═══ Extracted entries
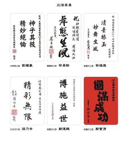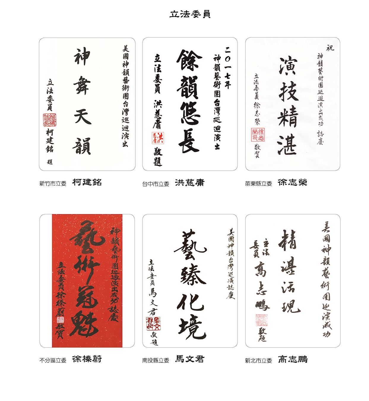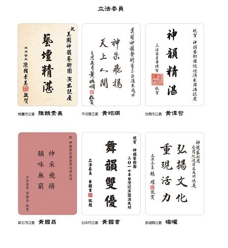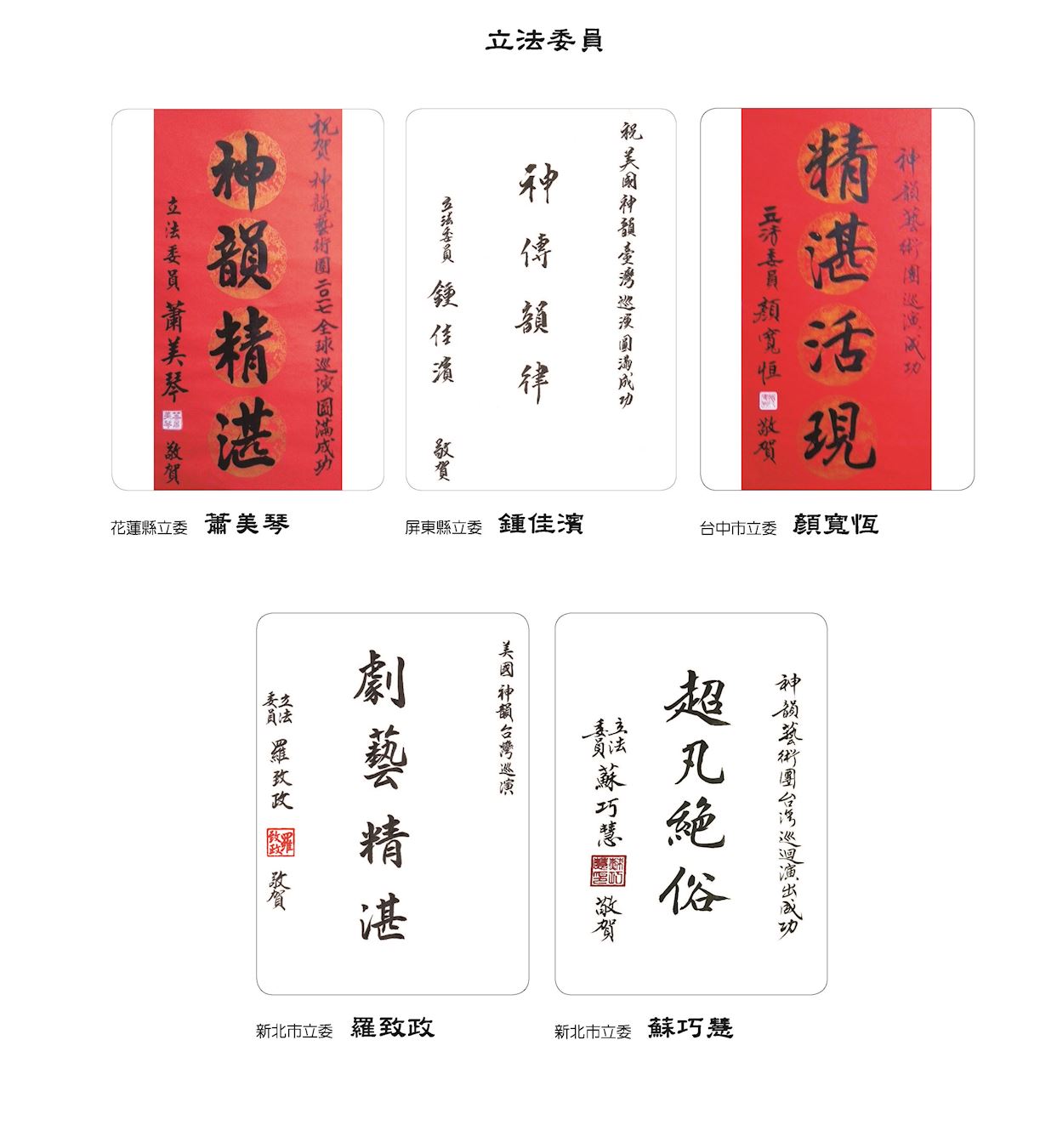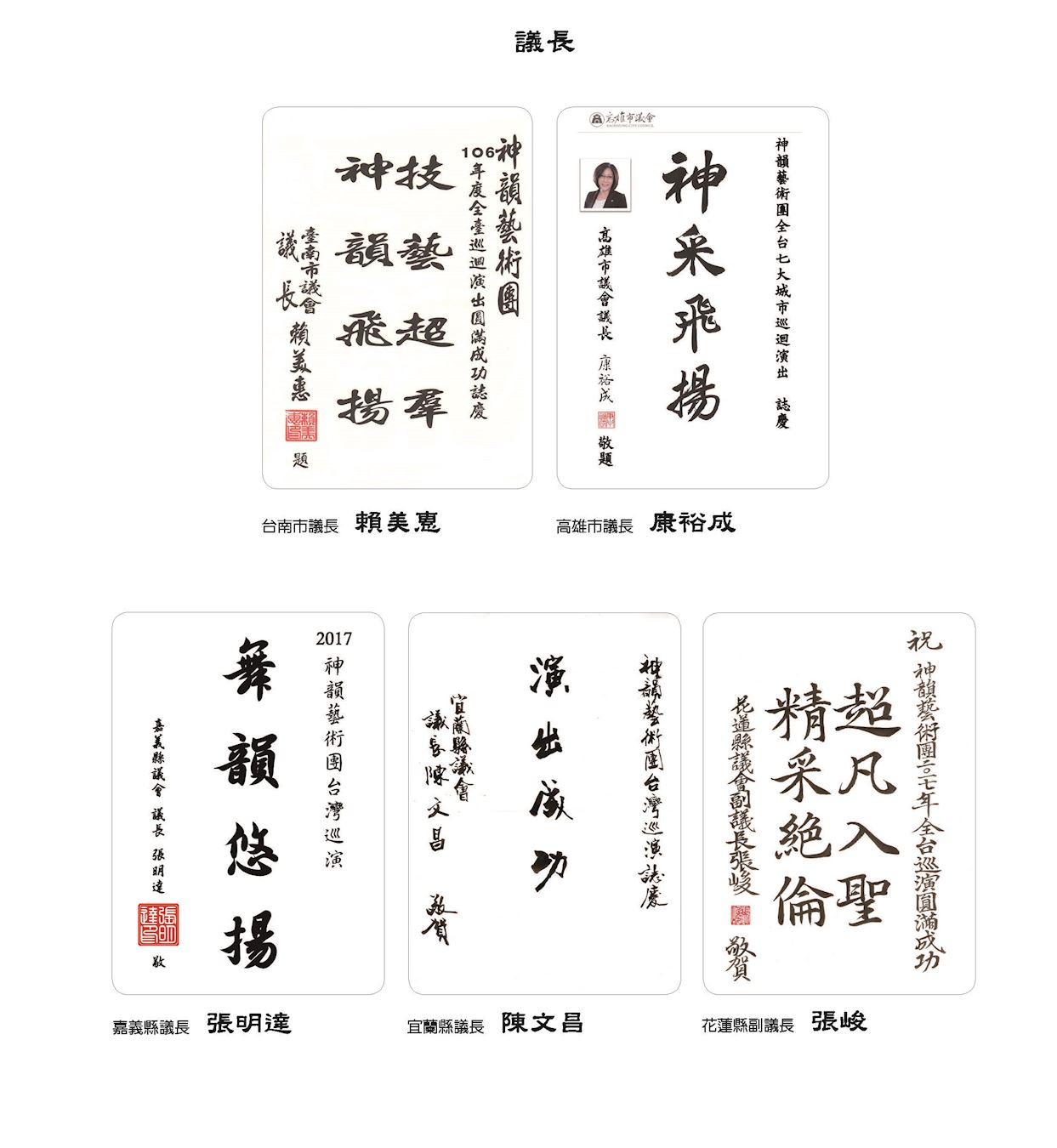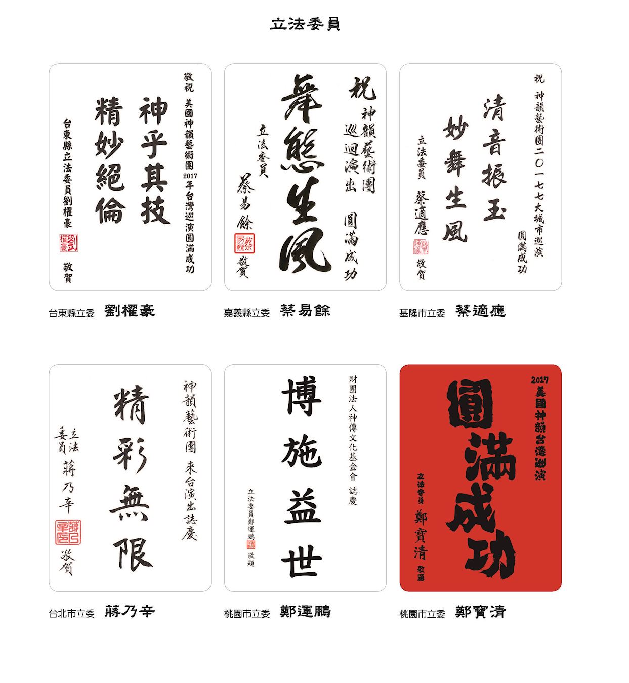 圖2:台灣行政院長林全、立法院長蘇嘉全、考試院長伍錦霖、立法院副院長蔡其昌賀詞讚揚神韻。 |
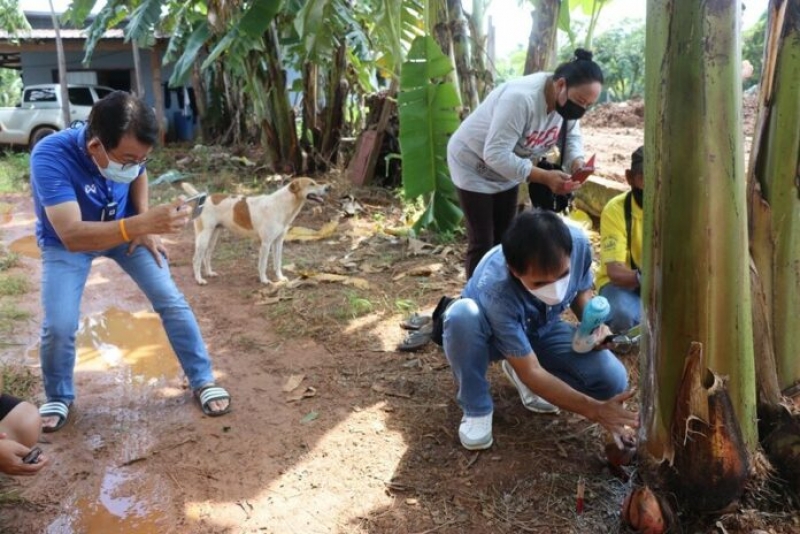 นางสุนันท์ หลีพันธ์ ผู้ใหญ่บ้าน หมู่ 6 บ้านคลองเดื่อ ซึ่งเป็นเจ้าของบ้าน ทราบว่า ปลูกไว้หลายต้นอายุประมาณ 1 ปี เศษ และปล่อยให้โตตามธรรมชาติ หลายกอออกหน่อและออกปลีตามปกติ แต่เมื่อวานเดินไปดูกล้วย เพื่อจะดูว่า มีเครือไหนที่แก่จัดจะตัดไปร่วมบุญกฐินที่จะมีขึ้นในวันที่ 7 พ.ย. ที่วัดธารอุทุมพร
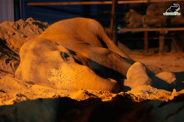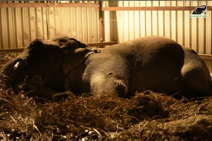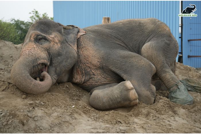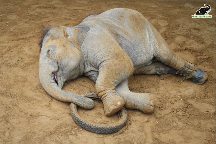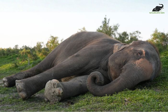 At first glance, a sleeping elephant appears simply at rest.
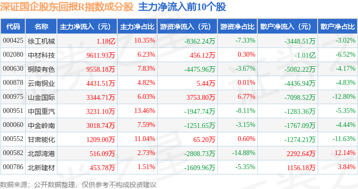 资金流向方面,深证国企股东回报R(470064)指数成份股当日主力资金净流出合计7.69亿元,游资资金净流入合计6796.6万元,散户资金净流入合计7.01亿元。成份股资金流向详情见下表:
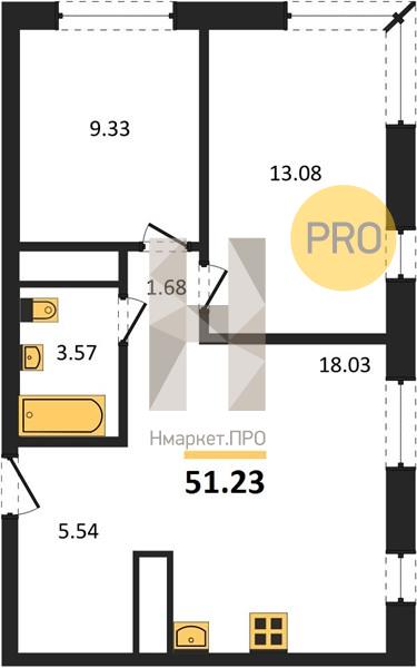 Квартира: 2 к 51,23 кв.м., 7 этаж в комплексе RAZUM в Академическом, 1 очередь, корп.1, сдача: 1кв. , этажей: 24, адрес Екатеринбург г., Академика Курчатова ул., д. 2, Застройщик: РАЗУМ.
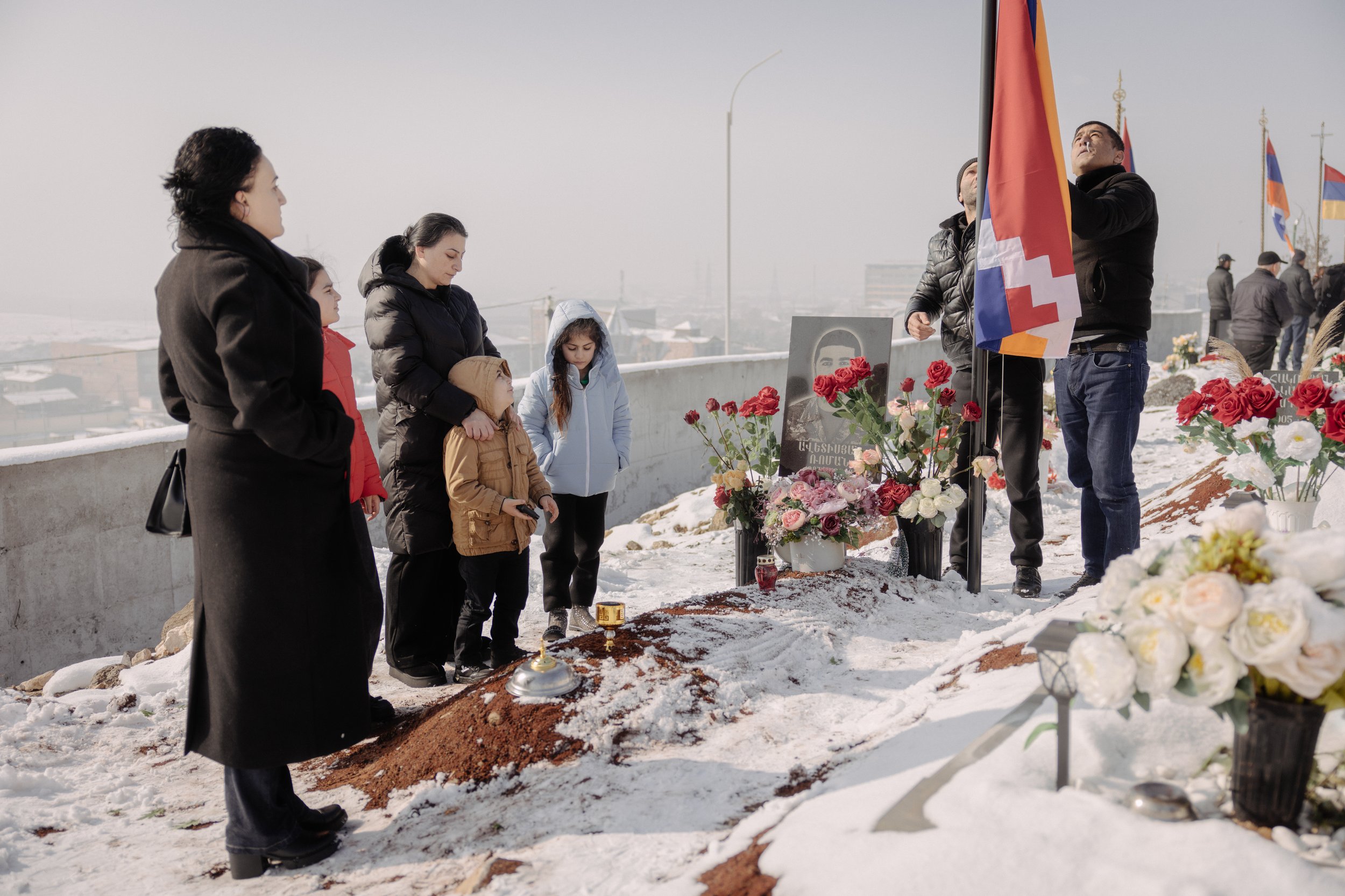 On 28 January 2024, a family gathers at the grave of their father at Yerablur Military Memorial Cemetery in Yerevan, Armenia, one of many victims of the 2023 conflict in Nagorno-Karabakh. In September 2023, a swift military offensive by Azerbaijan against Nagorno‑Karabakh triggered a mass exodus of ethnic Armenians, with more than 100,000 people forced to flee their homes and ancestral lands.
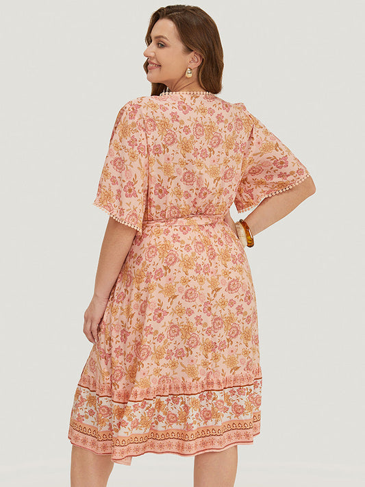 Bandana Print Pompom Trim Pocket Flutter Belted Wrap Dress
══════
**Instructions for the task**
Your answer must be an exact copy of every entry, with the pictures left out.

**Response area**
 圖2:台灣行政院長林全、立法院長蘇嘉全、考試院長伍錦霖、立法院副院長蔡其昌賀詞讚揚神韻。 |
 นางสุนันท์ หลีพันธ์ ผู้ใหญ่บ้าน หมู่ 6 บ้านคลองเดื่อ ซึ่งเป็นเจ้าของบ้าน ทราบว่า ปลูกไว้หลายต้นอายุประมาณ 1 ปี เศษ และปล่อยให้โตตามธรรมชาติ หลายกอออกหน่อและออกปลีตามปกติ แต่เมื่อวานเดินไปดูกล้วย เพื่อจะดูว่า มีเครือไหนที่แก่จัดจะตัดไปร่วมบุญกฐินที่จะมีขึ้นในวันที่ 7 พ.ย. ที่วัดธารอุทุมพร
 At first glance, a sleeping elephant appears simply at rest.
 资金流向方面,深证国企股东回报R(470064)指数成份股当日主力资金净流出合计7.69亿元,游资资金净流入合计6796.6万元,散户资金净流入合计7.01亿元。成份股资金流向详情见下表:
 Квартира: 2 к 51,23 кв.м., 7 этаж в комплексе RAZUM в Академическом, 1 очередь, корп.1, сдача: 1кв. , этажей: 24, адрес Екатеринбург г., Академика Курчатова ул., д. 2, Застройщик: РАЗУМ.
 On 28 January 2024, a family gathers at the grave of their father at Yerablur Military Memorial Cemetery in Yerevan, Armenia, one of many victims of the 2023 conflict in Nagorno-Karabakh. In September 2023, a swift military offensive by Azerbaijan against Nagorno‑Karabakh triggered a mass exodus of ethnic Armenians, with more than 100,000 people forced to flee their homes and ancestral lands.
 Bandana Print Pompom Trim Pocket Flutter Belted Wrap Dress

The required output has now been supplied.